• _What needs to be done_
Please keep the images out and set down the data exactly as given.

• _Data section_

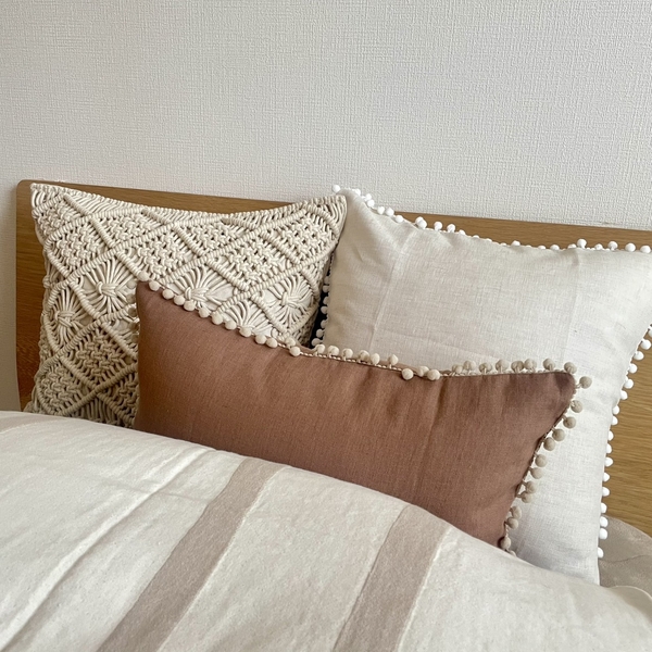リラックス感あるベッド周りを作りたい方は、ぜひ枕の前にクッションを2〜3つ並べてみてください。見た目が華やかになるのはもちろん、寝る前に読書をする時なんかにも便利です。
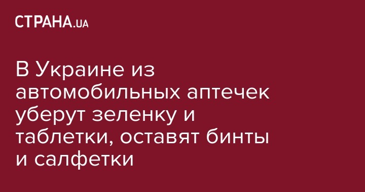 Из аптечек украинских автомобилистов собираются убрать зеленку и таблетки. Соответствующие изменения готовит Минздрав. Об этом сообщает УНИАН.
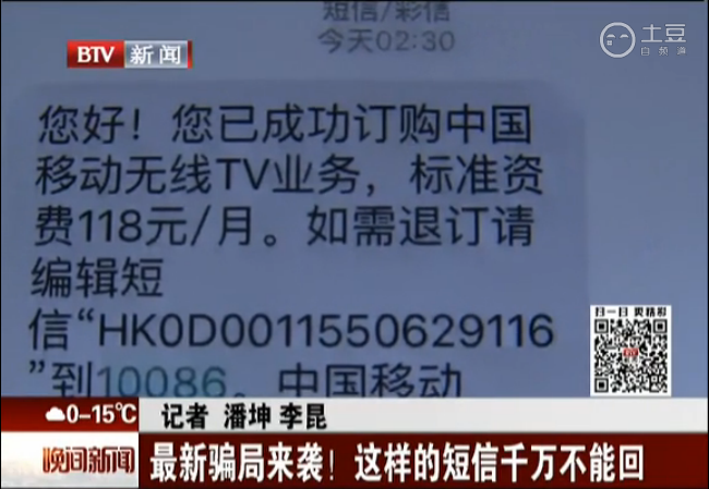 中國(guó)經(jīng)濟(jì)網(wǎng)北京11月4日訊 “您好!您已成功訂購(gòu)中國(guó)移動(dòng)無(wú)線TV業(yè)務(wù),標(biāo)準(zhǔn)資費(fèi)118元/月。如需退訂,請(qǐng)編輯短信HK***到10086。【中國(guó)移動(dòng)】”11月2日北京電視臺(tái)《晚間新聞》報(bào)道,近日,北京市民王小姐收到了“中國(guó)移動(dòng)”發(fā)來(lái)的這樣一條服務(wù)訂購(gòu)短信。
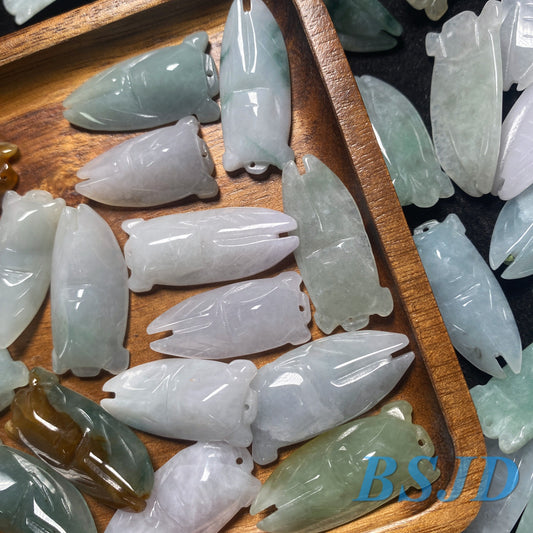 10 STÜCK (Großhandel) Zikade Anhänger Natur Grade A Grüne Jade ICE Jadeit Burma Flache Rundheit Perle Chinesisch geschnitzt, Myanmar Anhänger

• _Result for this task_
リラックス感あるベッド周りを作りたい方は、ぜひ枕の前にクッションを2〜3つ並べてみてください。見た目が華やかになるのはもちろん、寝る前に読書をする時なんかにも便利です。
 Из аптечек украинских автомобилистов собираются убрать зеленку и таблетки. Соответствующие изменения готовит Минздрав. Об этом сообщает УНИАН.
 中國(guó)經(jīng)濟(jì)網(wǎng)北京11月4日訊 “您好!您已成功訂購(gòu)中國(guó)移動(dòng)無(wú)線TV業(yè)務(wù),標(biāo)準(zhǔn)資費(fèi)118元/月。如需退訂,請(qǐng)編輯短信HK***到10086。【中國(guó)移動(dòng)】”11月2日北京電視臺(tái)《晚間新聞》報(bào)道,近日,北京市民王小姐收到了“中國(guó)移動(dòng)”發(fā)來(lái)的這樣一條服務(wù)訂購(gòu)短信。
 10 STÜCK (Großhandel) Zikade Anhänger Natur Grade A Grüne Jade ICE Jadeit Burma Flache Rundheit Perle Chinesisch geschnitzt, Myanmar Anhänger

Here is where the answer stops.